++++ RAW DATA
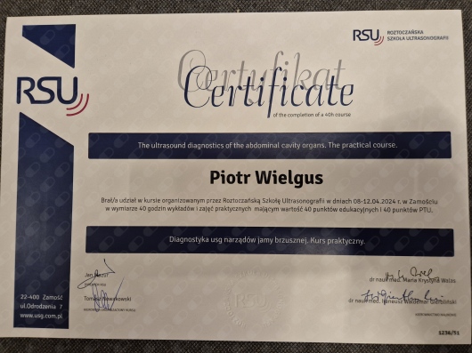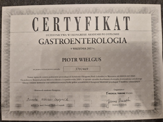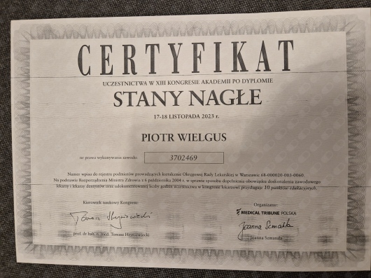 Stale podnoszę swoje kwalifikacje zawodowe, biorąc czynny udział w kongresach naukowych, kursach i stażach w Polsce i za granicą.
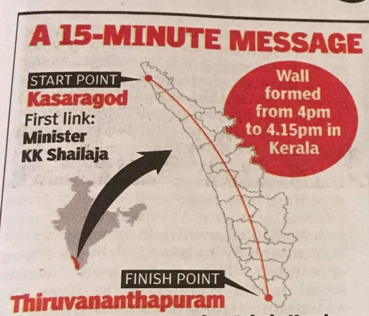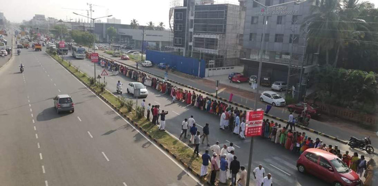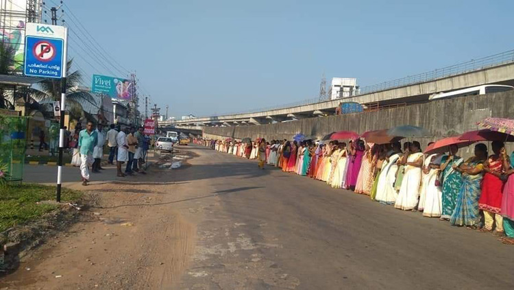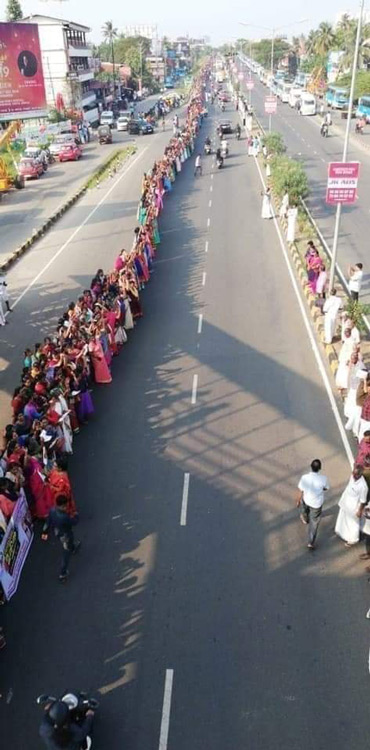 Cette mobilisation, appelée « mur des femmes », a été impulsée par les autorités communistes locales du Kerala. Depuis plusieurs semaines, cet État connaît des protestations répétées en faveur et contre le jugement selon lequel il était illégal d’interdire aux femmes entre 10 à 50 ans, tradition des siècles, d’entrer dans le temple Ayapa de Shamarimala.
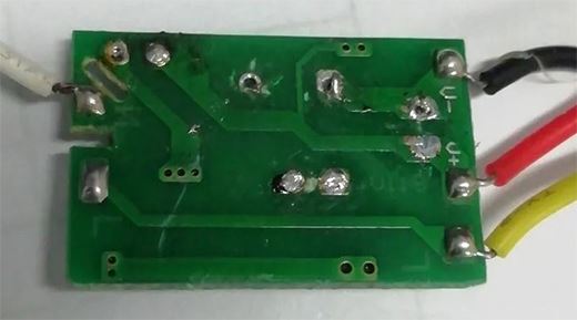第三種是比較新的,電路比較復雜,電路中用到一個全橋整流,一個芯片控制的恒流驅動電路,還有電容濾波,發光二極管是采用兩個一組并聯,再33個串聯的方式,。電路采用表面安裝元件,雙面印刷電路,下面一張照片是我把電感線圈拆掉后看到的線路樣子,太不好看懂了,我也沒有畫出來。
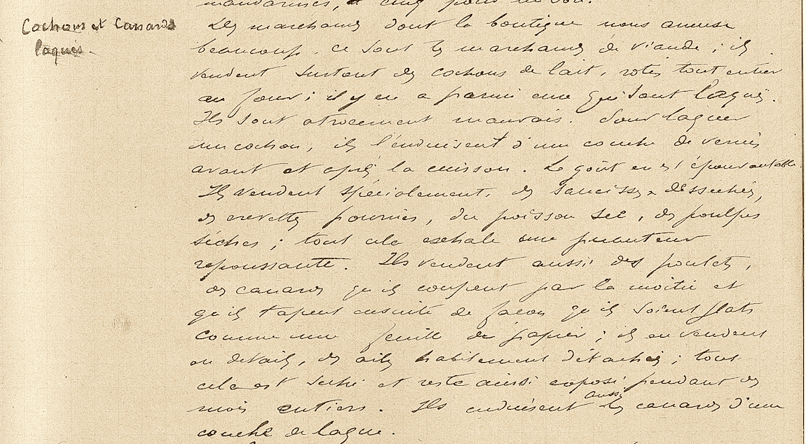 Les marchands dont la boutique nous amuse beaucoup, ce sont les marchands de viande ; ils vendent surtout des cochons de lait, rôtis tout entier au four ; il y en a parmi eux qui sont laqués. Ils sont atrocement mauvais. Pour laquer un cochon, ils l’enduisent d’une couche de vernis avant et après la cuisson139. Le goût en est épouvantable. Ils vendent spécialement des saucisses desséchées, des crevettes pourries, du poisson sec, des poulpes sèches [secs], tout cela exhale une puanteur repoussante. Ils vendent aussi des poulets, des canards, qu’ils coupent par la moitié et qu’ils tapent ensuite de façon qu’ils soient plats comme une feuille de papier ; ils en [m.s] vendent en détail des ailes habilement dé- tachées, tout cela est séché et reste ainsi exposé pendant des mois entiers. Ils enduisent aussi les canards d’une couche de laque.
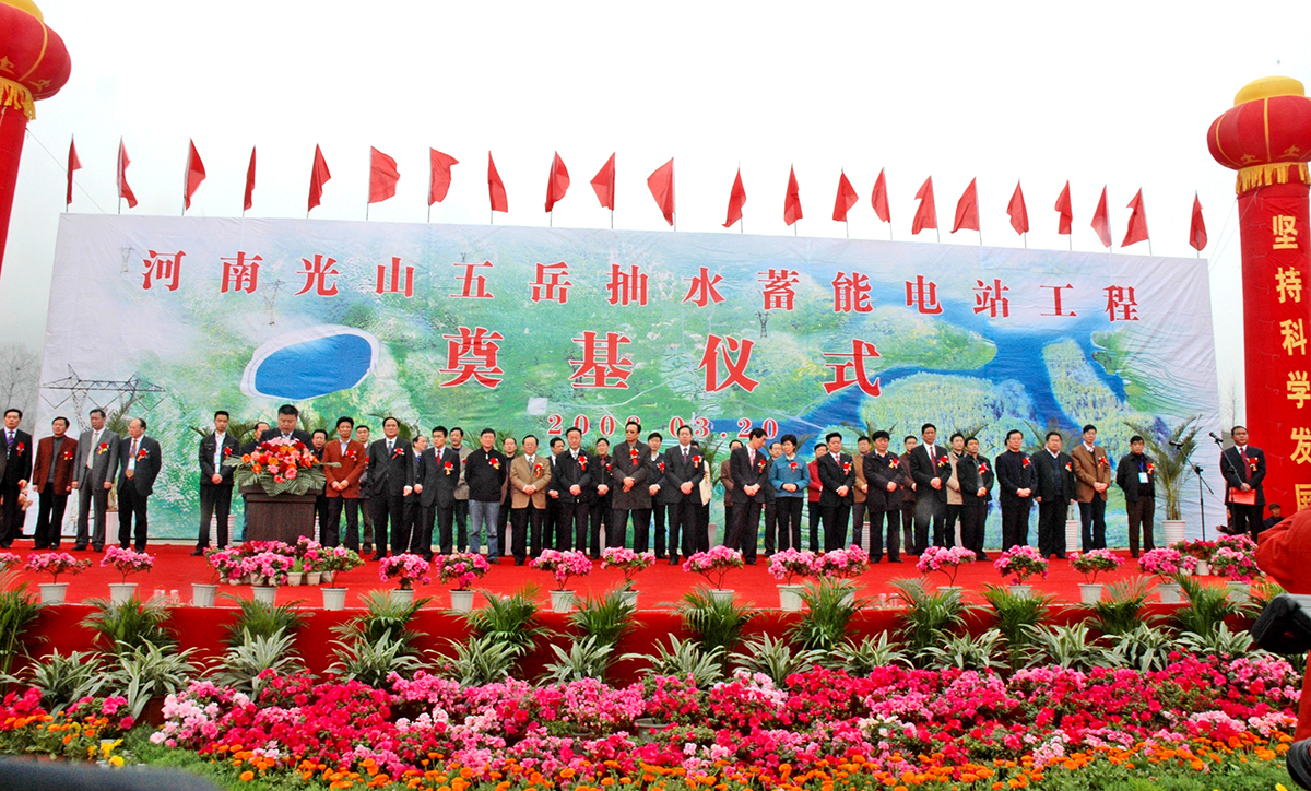 河南光山五岳抽水蓄能电站工程举行奠基仪式,是信阳市水电发展史上、工业发展史上的重要里程碑,可以优化电网电源结构,增强调峰能力。图为奠基仪式现场。
++++++++
Please retype, exactly and only, the lines from the one holding "第三種是比較新的,電路比較復" to the end of the entries, both ends included, without any pictures.

第三種是比較新的,電路比較復雜,電路中用到一個全橋整流,一個芯片控制的恒流驅動電路,還有電容濾波,發光二極管是采用兩個一組并聯,再33個串聯的方式,。電路采用表面安裝元件,雙面印刷電路,下面一張照片是我把電感線圈拆掉后看到的線路樣子,太不好看懂了,我也沒有畫出來。
 Les marchands dont la boutique nous amuse beaucoup, ce sont les marchands de viande ; ils vendent surtout des cochons de lait, rôtis tout entier au four ; il y en a parmi eux qui sont laqués. Ils sont atrocement mauvais. Pour laquer un cochon, ils l’enduisent d’une couche de vernis avant et après la cuisson139. Le goût en est épouvantable. Ils vendent spécialement des saucisses desséchées, des crevettes pourries, du poisson sec, des poulpes sèches [secs], tout cela exhale une puanteur repoussante. Ils vendent aussi des poulets, des canards, qu’ils coupent par la moitié et qu’ils tapent ensuite de façon qu’ils soient plats comme une feuille de papier ; ils en [m.s] vendent en détail des ailes habilement dé- tachées, tout cela est séché et reste ainsi exposé pendant des mois entiers. Ils enduisent aussi les canards d’une couche de laque.
 河南光山五岳抽水蓄能电站工程举行奠基仪式,是信阳市水电发展史上、工业发展史上的重要里程碑,可以优化电网电源结构,增强调峰能力。图为奠基仪式现场。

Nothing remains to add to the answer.